Pesticide Registrations and Actions
Other Actions
- The EPA released fumigant risk mitigation options both electronically and in person in Ft. Myers on the 6th of June. Comments about these options are being taken until July 2, and the EPA has specific questions for people wishing to provide input. Please contact the PIO if you have questions regarding this or any other regulatory action.

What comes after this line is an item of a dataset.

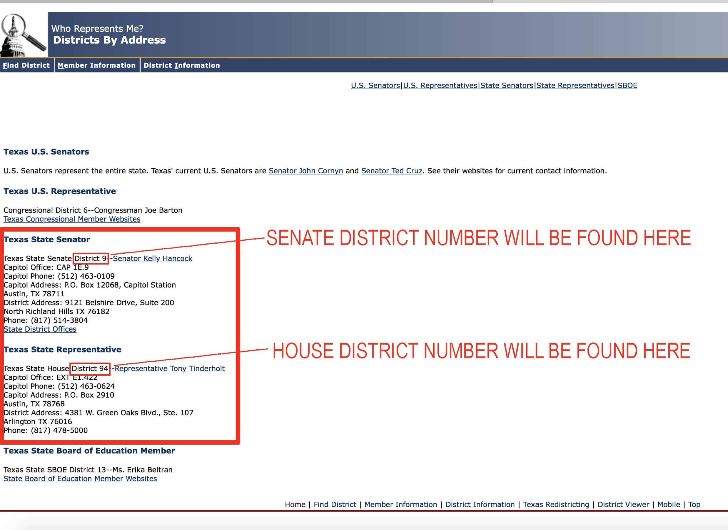 Visit www.fyi.legis.state.tx.us and enter your address. You will find your state senator and your Senate District under “Texas State Senator” and your state representative and your House District number under “Texas State Representative”. Use these Senate District and House District numbers to find the TFVC-endorsed candidate in the list here.

- Minor crop producers and consumers will be the primary beneficiaries of a recent EPA proposal to revise its pesticide tolerance crop grouping regulations, which allow the establishment of tolerances for multiple, related crops based upon data from a representative set of crops. The proposed
revision, published in a May 23, 2007, Federal Register notice, would create a new crop group for edible fungi (mushrooms), expand existing crop groups by adding new commodities, establish new crop subgroups, and revise the representative crops in some groups. These proposed changes reflect the global competition for new or ethnic commodities. EPA expects these revisions to promote greater use of crop groupings for tolerance-setting purposes and, in particular, to assist in retaining or making available pesticides for minor crop uses. This is the first in a series of regulatory crop group updates. (EPA OPP Update, 5/30/07). - The methyl bromide inventory held by U.S. companies at the end of 2006 continues to shrink, according to data released by the EPA. The data show a steady decline in the inventory since 2003, when the Agency began collecting such information. The data that EPA is releasing includes, in aggregate form, the inventory held by approximately 35 companies in the United States at the end of 2006. The methyl bromide inventory shows a steady decline - approximately 16,422 metric tons in 2003, 12,994 metric tons in 2004, 9,974 metric tons in 2005, and 7,671 metric tons in 2006 - and demonstrates that the United States continues to manage its domestic inventory appropriately. (EPA OPP Update, 5/16/07).
- In early June, the Florida Farm Bureau Federation circulated a message indicating that a half-dozen Florida representatives in the U.S. House were supporting a bill that would strike the word “navigable” from the Clean Water Act. Without this word, intermittent streams, small ponds, and even groundwater could theoretically fall under the Act. At this same time, the EPA and Army Corps of Engineers announced that for such waters to be protected there must be a “significant nexus” shown between the intermittent stream and a traditional waterway. Determinations will be made on a case-by-case basis in the future. (FFBF, 6/2/07 & Gainesville Sun, 6/6/07).
- After 18 months of discussion, mostly contentious, the European Union issued new rules for organic labeling. In addition to specific labels for products with at least 70 or 95 percent organic materials, a 0.9 percent limit has been placed on accidental or unavoidable “contamination” from transgenic plants. (International Herald-Tribune, 6/12/07).